Как посчитать propensity score matching в SQL
Содержание:
Зачем PSM
В observational data treated и control различаются не только по самому факту treatment, но и по характеристикам (age, plan, country). Это даёт selection bias: «новички в Enterprise купили feature и вырос revenue». Propensity score matching выравнивает группы — каждому treated находим control с похожей вероятностью treatment, и сравниваем пары.
Шаги PSM
- Оценить P(treatment | covariates) — обычно logit-регрессия в Python.
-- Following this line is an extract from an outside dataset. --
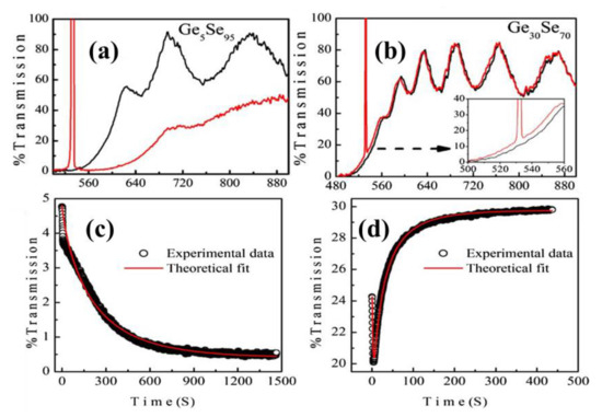 In line with more detailed work, Kumar et al. showed that by varying the relative composition of Ge and Se, they obtain a crossover from PD to PB in GexSe100-x thin films [34]. In this regard, Figure 6a,b shows the transmission spectra of Ge-deficient Ge5Se95 and Ge-rich Ge30Se70 thin films in as-prepared (black) and illuminated (red) states when illuminated with 532 nm CW laser. The strong, red-shifted absorption edge depicts PD in the former, while a weak blue shift in the latter demonstrates PB. Singe wavelength kinetics at 560 nm for Ge5Se95 and Ge30Se70 are shown in Figure 6c and Figure 6d, respectively. For Ge5Se95, the final transmission saturates much below the initial value in line with strong PD, whereas for Ge30Se70, the sample ends up in an overall PB state at the final stage of illumination.

- Импортировать propensity score в SQL.
- Для каждого treated найти nearest neighbor в control по PS.
- Сравнить outcome.
В чистом SQL шаг 1 сложен, поэтому обычно considered hybrid: model в Python, matching в SQL.
PSM в SQL
Допустим, propensity score уже посчитан и сохранён:
WITH treated AS (
SELECT user_id, propensity_score, outcome
FROM observations
WHERE is_treated = TRUE
),
control AS (
SELECT user_id, propensity_score, outcome
FROM observations
WHERE is_treated = FALSE
),
nearest AS (
SELECT
t.user_id AS treated_id,
t.propensity_score AS treated_ps,
t.outcome AS treated_outcome,
c.user_id AS control_id,
c.propensity_score AS control_ps,
c.outcome AS control_outcome,
ABS(t.propensity_score - c.propensity_score) AS ps_distance,
ROW_NUMBER() OVER (PARTITION BY t.user_id ORDER BY ABS(t.propensity_score - c.propensity_score)) AS rn
FROM treated t
CROSS JOIN control c
)
SELECT *
FROM nearest
WHERE rn = 1;CROSS JOIN дорогостоящий — на 100k×100k не пойдёт. Для больших данных используют k-d tree (вне SQL).
Баланс ковариат
После matching проверяем, что age/plan/country у пар равны:
WITH matched_pairs AS (
-- из предыдущего CTE
SELECT treated_id, control_id FROM nearest WHERE rn = 1
)
SELECT
'age' AS covariate,
AVG(t.age) - AVG(c.age) AS mean_diff
FROM matched_pairs mp
JOIN observations t ON t.user_id = mp.treated_id
JOIN observations c ON c.user_id = mp.control_id
UNION ALL
SELECT
'plan_premium',
AVG((t.plan = 'premium')::INT::NUMERIC) - AVG((c.plan = 'premium')::INT::NUMERIC)
FROM matched_pairs mp
JOIN observations t ON t.user_id = mp.treated_id
JOIN observations c ON c.user_id = mp.control_id;Хороший matching: standardized mean differences < 0.1 по всем ковариатам.
ATE по matched парам
Average Treatment Effect:
WITH matched_pairs AS (
SELECT treated_id, control_id, treated_outcome, control_outcome
FROM nearest WHERE rn = 1
)
SELECT
AVG(treated_outcome - control_outcome) AS ate,
COUNT(*) AS n_pairs,
STDDEV_SAMP(treated_outcome - control_outcome) / SQRT(COUNT(*)) AS se_ate
FROM matched_pairs;ATE — оценка эффекта treatment, очищенная от observable confounders.
Частые ошибки
Ошибка 1. PSM не выравнивает unobserved confounders. Если в данных нет важной переменной (motivation, region), PSM не поможет.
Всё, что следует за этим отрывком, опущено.